He had chosen his words in advance, and reeled them off almost without hesitation. ‘We forgot to watch the draw last night,’ he said. ‘We’ve won forty-seven m-m-m . . .’
Angela clocked out.
They took the obligatory world tour while a modest house was built. After disbursing a few hundred thousand to friends and relatives — Bill’s parents refused to take a cent, but his siblings, and Angela’s family, had no such qualms — they were still left with more than forty-five million. Buying all the consumer goods they honestly wanted couldn’t begin to dent this sum, and neither had much interest in gold-plated Rolls Royces, private jets, Van Goghs, or diamonds. They could have lived in luxury on the earnings of ten million in the safest of investments, and it was indecision more than greed that kept them from promptly donating the difference to a worthy cause.

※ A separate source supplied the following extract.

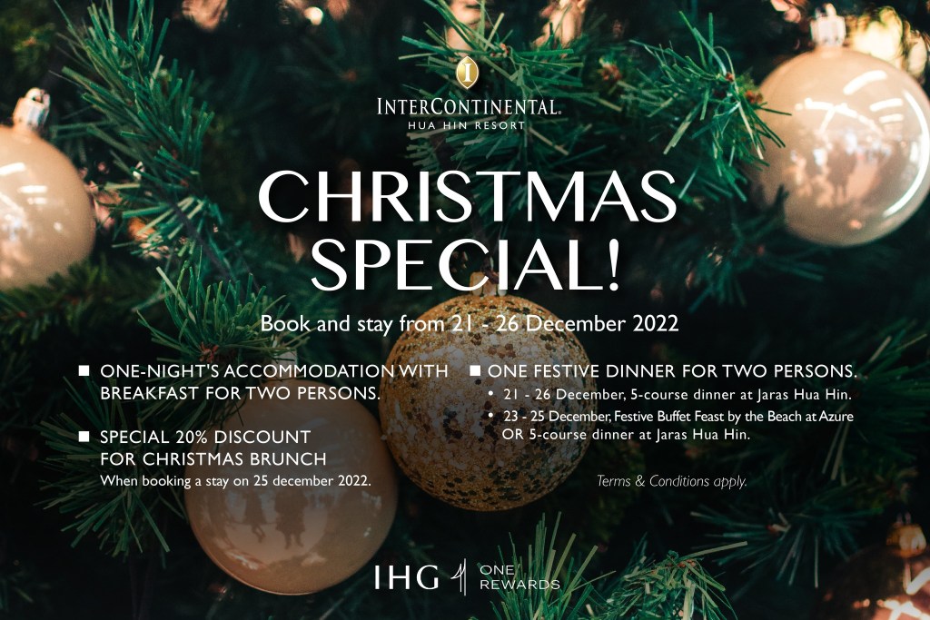 ส่งท้ายปีเก่าต้อนรับปีใหม่ด้วยความสุขและความอร่อย แพคเกจห้องพักพร้อมอาหารเช้าและตัวเลือกดินเนอร์แสนอร่อยในวันคริสต์มาสที่อินเตอร์คอนติเนนตัล หัวหิน รีสอร์ท
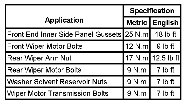 Wiper and Washer Systems: Specifications

There was so much to be done in a world ravaged by political, ecological and climatic disasters. Which project most deserved their assistance? The proposed Himalayan hydroelectric scheme, which might keep Bangladesh from drowning in the floodplains of its Greenhouse-swollen rivers? Research on engineering hardier crops for poor soils in northern Africa? Buying back a small part of Brazil from multinational agribusiness, so food could be grown, not imported, and foreign debt curtailed? Fighting the still abysmal infant mortality rate amongst their own country’s original inhabitants? Thirty-five million would have helped substantially with any of these endeavours, but Angela and Bill were so worried about making the right choice that they put it off, month after month, year after year.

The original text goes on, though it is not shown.